W3C home > Mailing lists > Public > public-speech-api@w3.org > May 2012

RE: EMMA in Speech API (was RE: Speech API: first editor's draft posted)

From: Young, Milan <Milan.Young@nuance.com>
Date: Wed, 30 May 2012 15:08:53 +0000
To: Bjorn Bringert <bringert@google.com>, Deborah Dahl <dahl@conversational-technologies.com>, "Satish S (satish@google.com)" <satish@google.com>
CC: Satish S <satish@google.com>, Glen Shires <gshires@google.com>, "Hans Wennborg" <hwennborg@google.com>, "public-speech-api@w3.org" <public-speech-api@w3.org>
Message-ID: <B236B24082A4094A85003E8FFB8DDC3C1A45D938@SOM-EXCH04.nuance.com>
Satish, please take a look at the use cases below.  Items #1 and #3 cannot be achieved unless EMMA is always present.

I'd like to add another use case #4.  Application needs to post the recognition result to server before proceeding in the dialog.  The server might be a traditional application server or it could be the controller in an MMI architecture.  EMMA is a standard serialized representation.

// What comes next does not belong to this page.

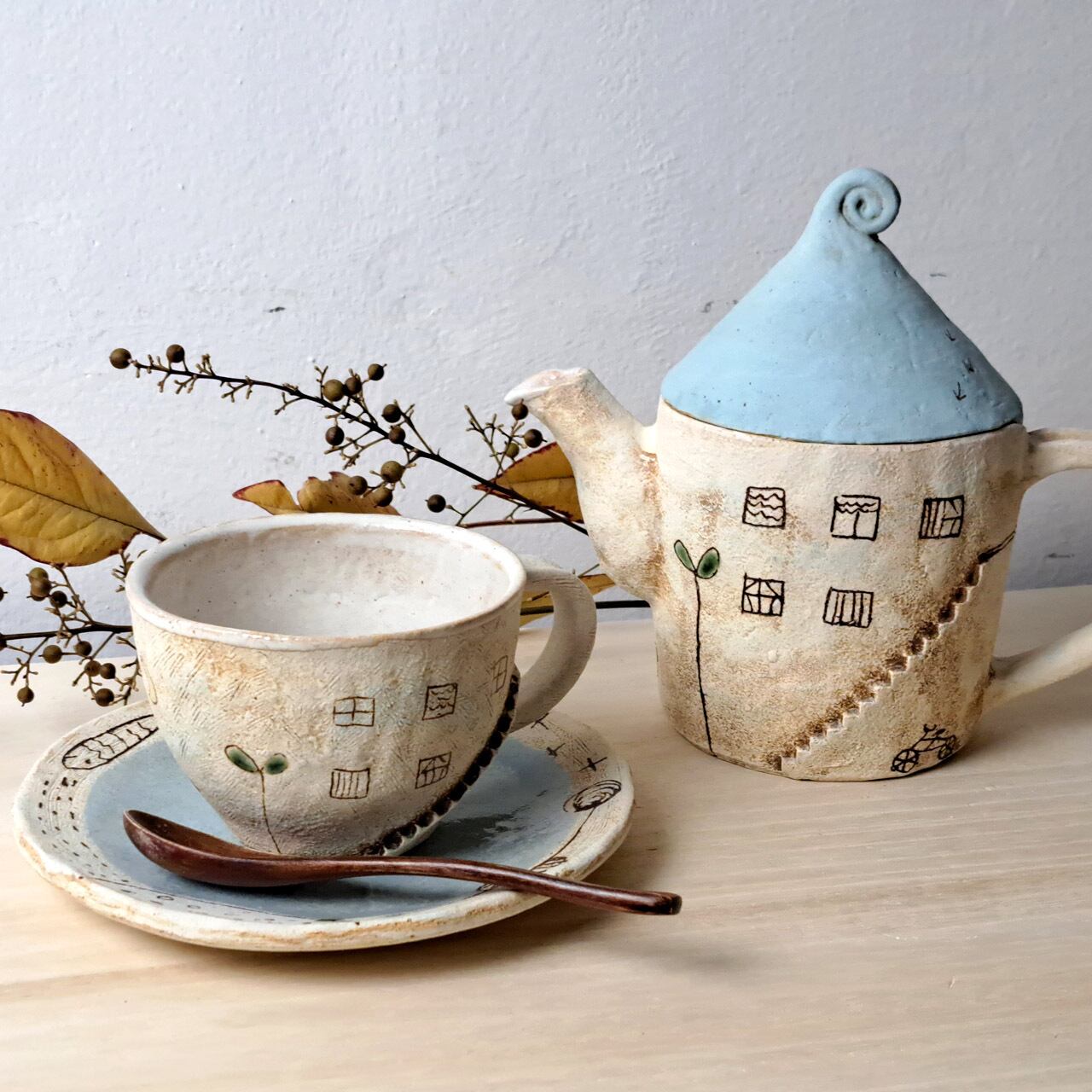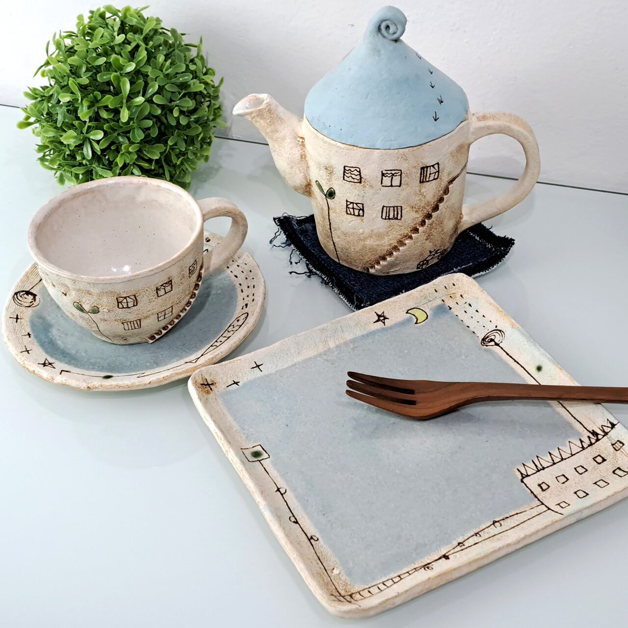 カップソーサーとして使える玉寸皿やポット、プレートのご用意があり、セットにするとさらに世界観が広がります。

-----Original Message-----
From: Bjorn Bringert [mailto:bringert@google.com] 
Sent: Tuesday, May 22, 2012 8:51 AM
To: Deborah Dahl
Cc: Satish S; Young, Milan; Glen Shires; Hans Wennborg; public-speech-api@w3.org
Subject: Re: EMMA in Speech API (was RE: Speech API: first editor's draft posted)

These sound like valid use cases, and as previously discussed, it's not hard to produce basic EMMA with just the recognition hypothesis.

So I suggest that the whole results object contains an EMMA string, and that each hypothesis contains an object corresponding to the SISR interpretation of that hypothesis.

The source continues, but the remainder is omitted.